Draw how you are going to run the conduit from point to point. We can help you with the wiring... Post the pictures and I can AutoCad the thing for you with wire counts per pipe. No way I can figure out what you are trying to do or counts in the pipe if I don't know the final piping scheme or intent of the owner
Gary has it right and this is a great offer. We can tell you how the wires hook up schematically, but if that doesn't tell you what wires you need in what conduit then we can't help without the actual conduit routing. Your fist post is not exactly right. Electrically you have to look at three way and four way switches separately.
3-way switches have power from the panel coming in one end, two wires between them we call travelers, and a switch leg coming out the other end. When you do a house in romex you usually do as you said, run 3 wire looped through. That third wire is not always the neutral though. It can be the hot, the neutral or the switch leg, depending on how you twist the wire nuts together and which end you feed the lights from.
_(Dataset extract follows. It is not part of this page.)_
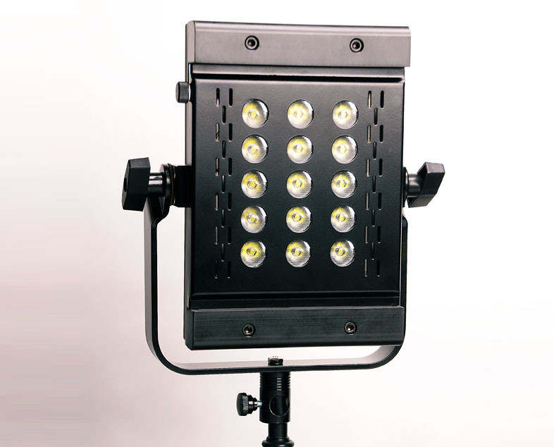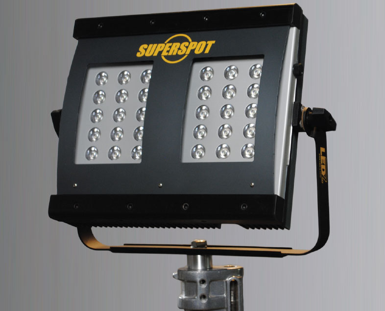 The LEDZ SUPERSPOT is the first in a premiere line of sharp, powerful circular beam producers. With a throw that easily exceeds 40 feet, the SUPERSPOT is comparable to current 575w HMI fixtures, including the 5500k color temperature whilst only drawing a single amp. The LEDZ SUPERSPOT is extremely robust with an all aluminum housing and yoke system with junior mounting pin. It has a slim profile so can be used in a multiple of lighting setups utilizing minimal space. The fixture produces no sound and very minimal heat, making it studio friendly. There are two built in dimmers on the fixture which allow for 100% - 0 output control with minimal color shift. The LEDZ SUPERSPOT comes complete with a switchable power supply unit 110v-240v AC, extension cable with on/off switch. There are additional accessories available including the LEDZ Speedframe, Chimera, filter frame, DMX capabilities and 12v battery options for mobile applications.

4-way switches merely intercept the travelers so they require four wires to them 2 in and 2 out. But since, in a house you are "carrying" one of the above wires through, you run 3 wire each way.
In most conduit situations, you will have one conduit running to a four way that is "junctioned" So that conduit will only get the 4 wires and the ground as discussed.
Regarding you fundamental question of whether you have to run the neutral with the other conductors, the answer is more complicated than yes or no. The neutral has to share the path with the hot, and/or switch leg, but not when it is going to a control device. The intent of the code is that you don't have the hot traveling one way around the house and the neutral traveling another.
Hope this helps. Again, take Gary up on his suggestion.